Loretta also looked up, away from the sun. “Oh,” she said.
He laughed more.
“Oh,” she repeated, and fainted.
*
When she stirred again, the sun was still high in the sky, blaring down on her, but the light was dappled, and she was lying in the shade of a gnarled acacia tree. The creature, whom she did not yet feel comfortable referring to as a ‘genie’ was sitting, knees up, on a rock a few feet away from her. He didn’t look very supernatural. Here in the bright light of day he was neither made of smoke nor ephemeral. He was normal sized with a regular physical body. Tempted as she was to go over and poke him to check he was real, she decided it was probably not a good idea.
She didn’t move either, not yet comfortable to let him know she was awake.
He was a genie.
He was glaring out into the desert, his frown brilliantly contorting his defined eyebrows and the muscles beneath them. His skin was a warm tan brown, but everything else about him seemed cold; she had the full view of his profile, angular nose, pointed chin, harsh cheek bones, a forehead that seemed too long, and a shaven scalp save for the long black ponytail drawn from his hair line back half way to the nape of his neck, and hanging down past his shoulders. He was half-naked and clearly comfortable with it, his once white linen trousers were smeared with stains of sweat and mud and the marks of general wear. There were several holes in them big enough for Loretta to poke a finger through. His feet were bare.
His back and shoulders were covered in tattoos, the thin spiralling lines of words in an alphabet she could not read and a language she did not understand. All in all, she couldn’t have imagined a genie to look more genie-ish. The only thing she wouldn’t have imagined was the anger and hatred that emanated from him, visible in his frown and the way he arched his back and hunched his shoulders.
Rather quickly, Loretta decided it was time to get up. She stood and took a step forward almost before the genie was aware of it.
He stood and turned to her.
“Oooh,” she said, as her legs gave way beneath her. She crashed into the sand knees first.
He half reached forward to catch her before deciding better of it. As she collapsed, he squatted back down on the rock, facing her this time.
“Do you say anything other than ‘Oooh’?” he asked. “You were quite mouthy the last time we met.”
“I don’t feel so well,” she said, shutting her eyes tight, pushing her hands against her knees and stretching her shoulders, trying to squeeze the nausea out of her body.
“Clearly.”
When she opened her eyes and looked up into his, she had to blink twice to focus them. It was the first time they had made eye contact, and the genie didn’t appreciate it much. He snarled and looked away.
His eyes were pink. Loretta was taken back by their colour; she had never seen anything like it.
“Do you do anything other than frown and growl?” she retorted. She often allowed her mouth to open before giving her brain time to consider what was being said. This was one of those moments.
The genie said nothing.
“Where am I, again?” she asked, looking up at the pale gold sky, burnished and shining like a brass candlestick, or a lamp.
“About four and a half miles outside of Rama.”
“Rama, which is ‘inside the lamp’?” she clarified.
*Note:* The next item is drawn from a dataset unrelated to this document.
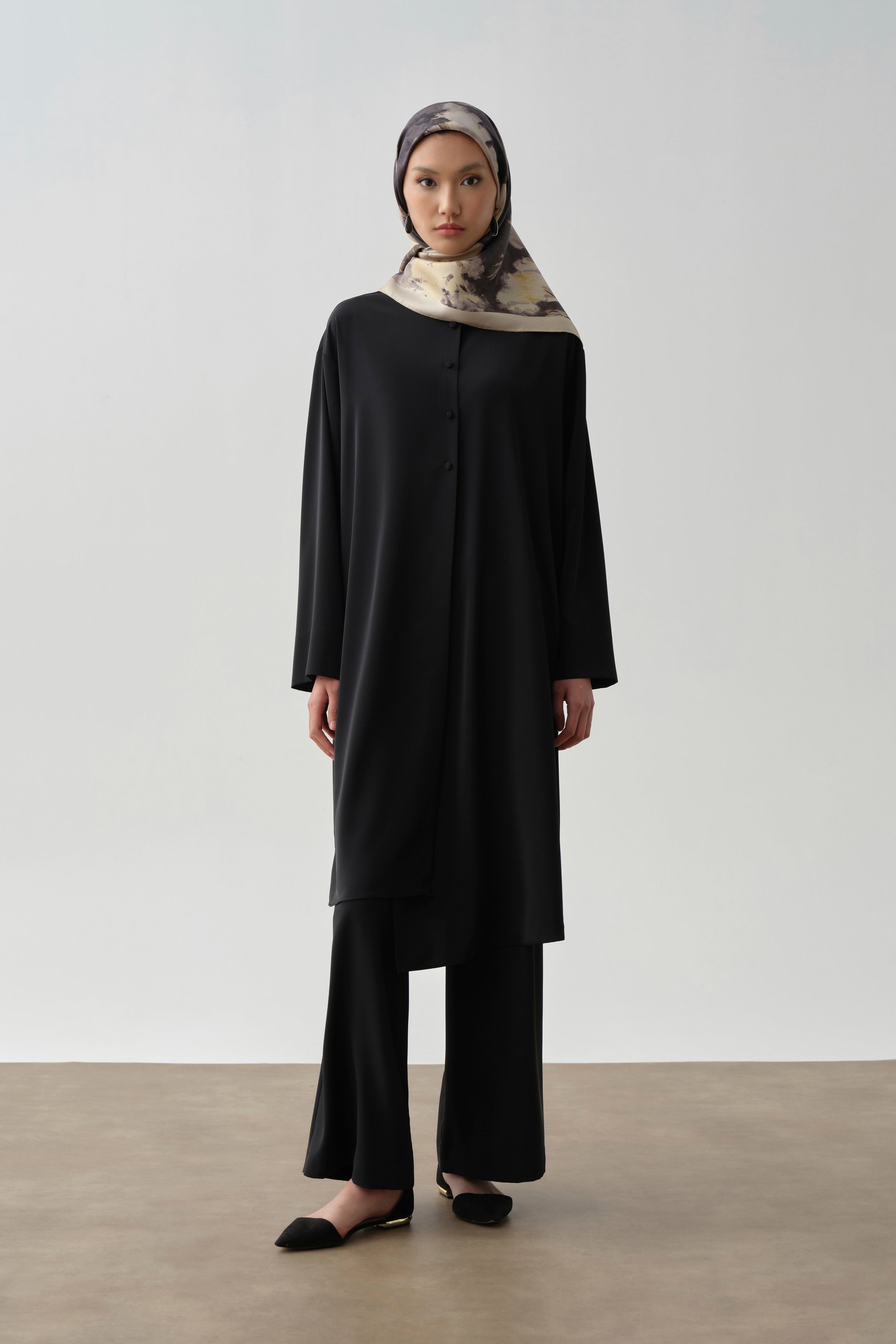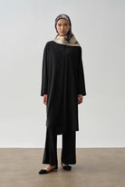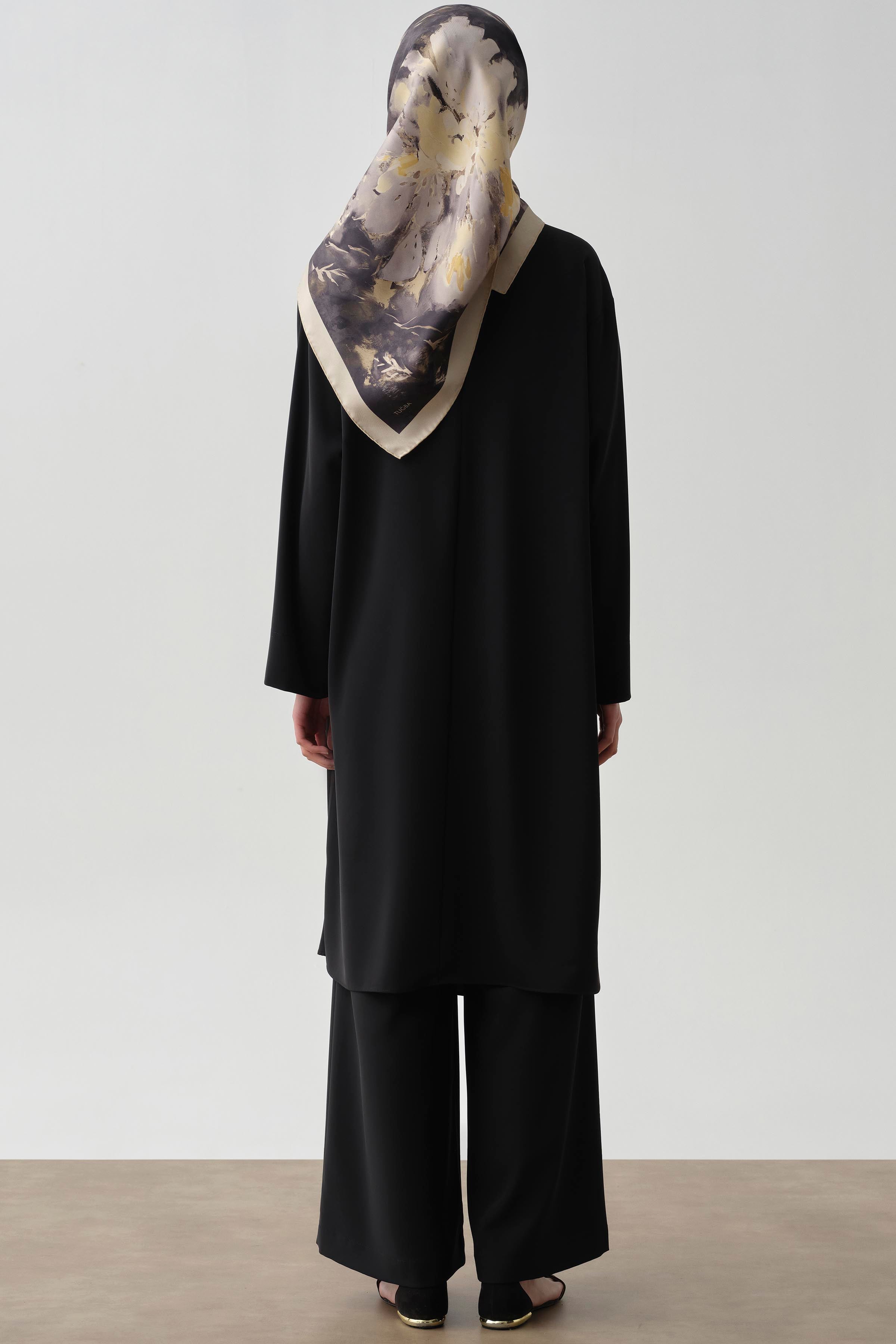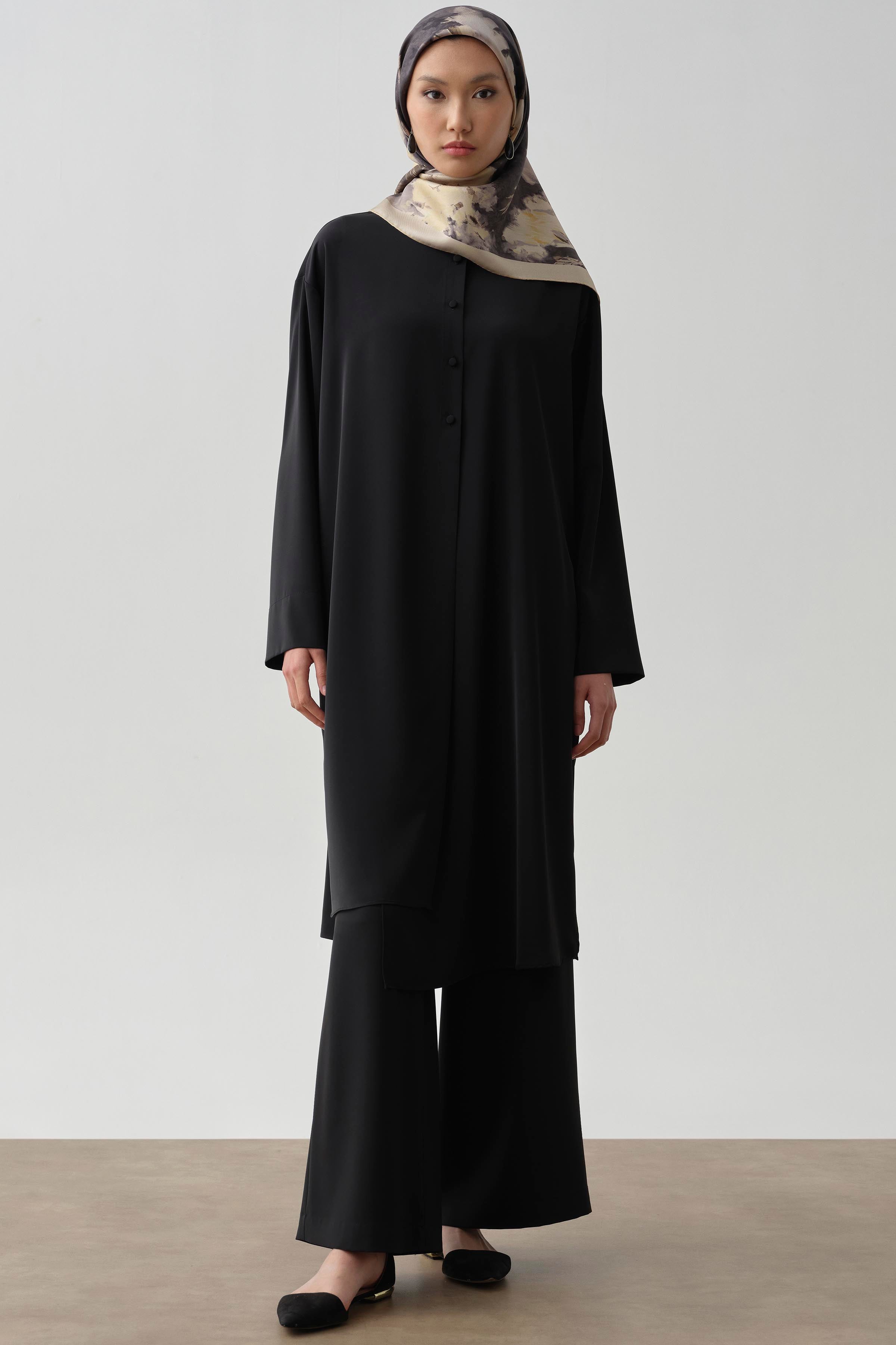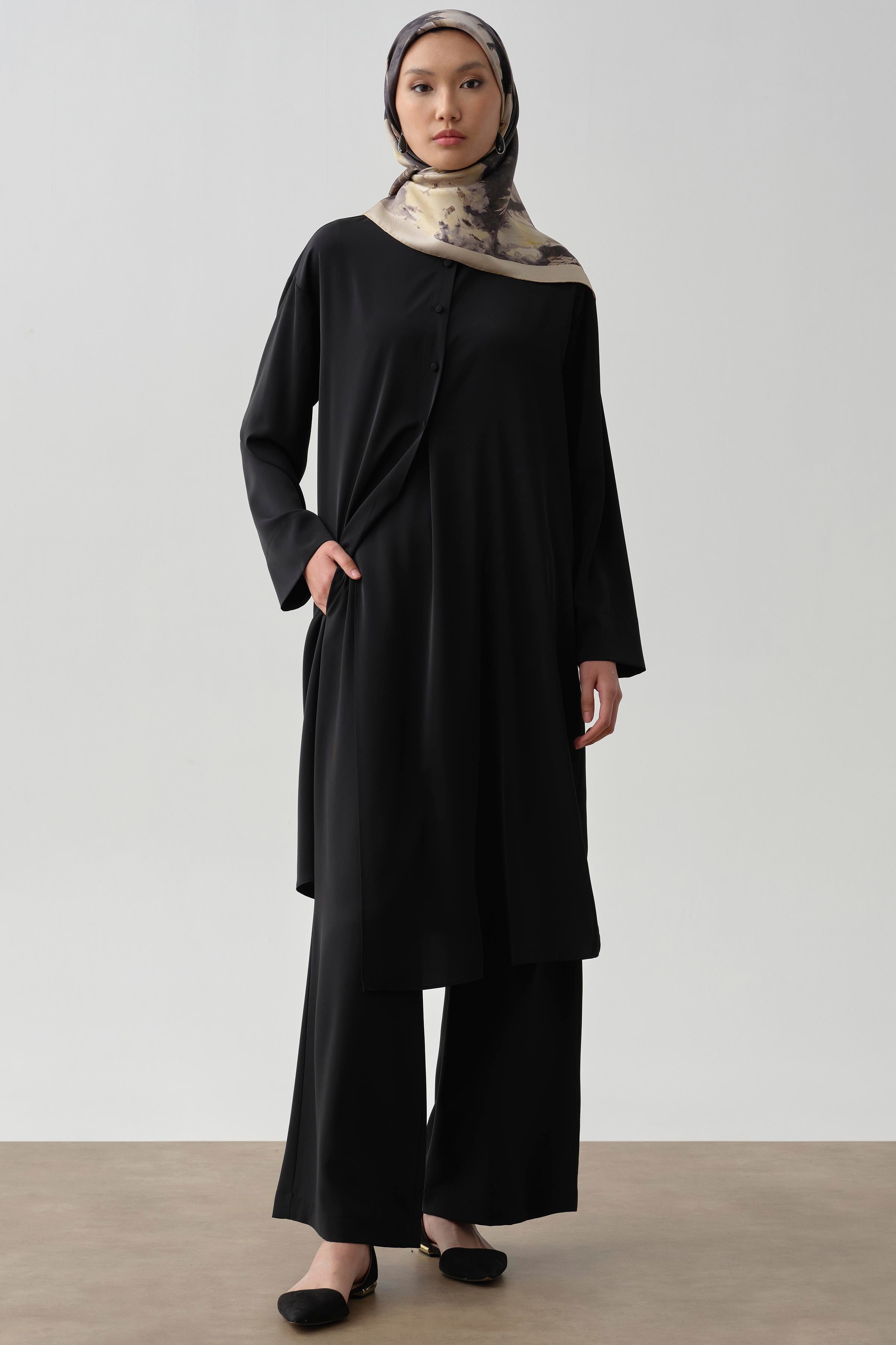 Hakim Yakalı Yırtmaçlı Tunik - Siyah

There was no blue in the sky, none at all. In contrast to the golden sky, the desert sand was creamy white and sparkling in the daylight.
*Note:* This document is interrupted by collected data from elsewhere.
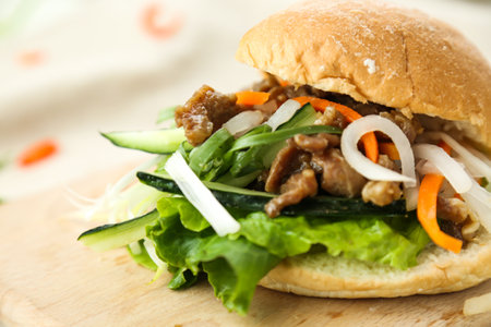 Roasted Pork Soft Bun with cucumber, onion, carrot and lettuce leaf isolated on table closeup side view
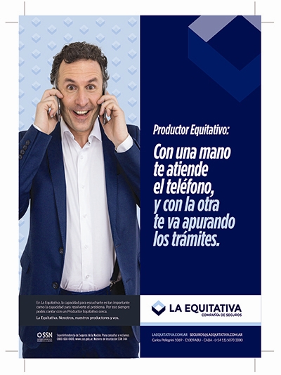 La Equitativa del Plata creó y presentó la figura del Productor Equitativo, que “es una persona muy equilibrada y equitativa que media entre la empresa y sus clientes, que asesora y resuelve conflictos, que sabe hablar, pero que también sabe escuchar, que está disponible a toda hora y que siempre actúa en su justa medida. Que es bueno para la compañía y bueno para el cliente”.
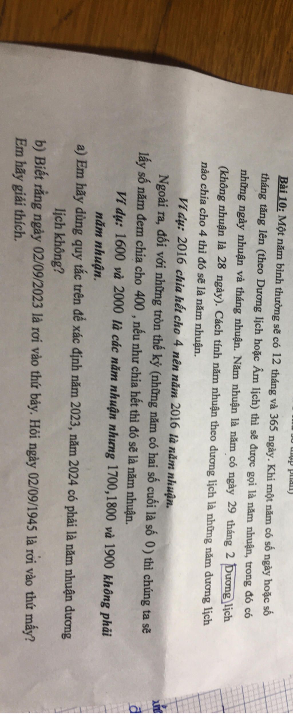 Bài 10: Một năm bình thường sẽ có 12 tháng và 365 ngày. Khi một năm có số ngày hoặc số

This was another question the genie chose not to answer.
“Why did you carry me half a mile to be under this tree if you dislike me so much?” she asked, after another long silence.
“Because I couldn’t leave you there.”
It was Loretta’s turn to frown. “Well clearly you would’ve if you could’ve.” She put her hands on her hips for a moment to illustrate her frustration before she attempted to stand again. This time she was successful.
She looked at the land around her, turning a full three hundred and sixty degrees and taking in rolling dune after dune of sparkling white sand. Four and a half miles was too long a distance to see a town from, apparently. The only things obstructing the nothingness were the acacia tree, the rock, the genie, and Loretta.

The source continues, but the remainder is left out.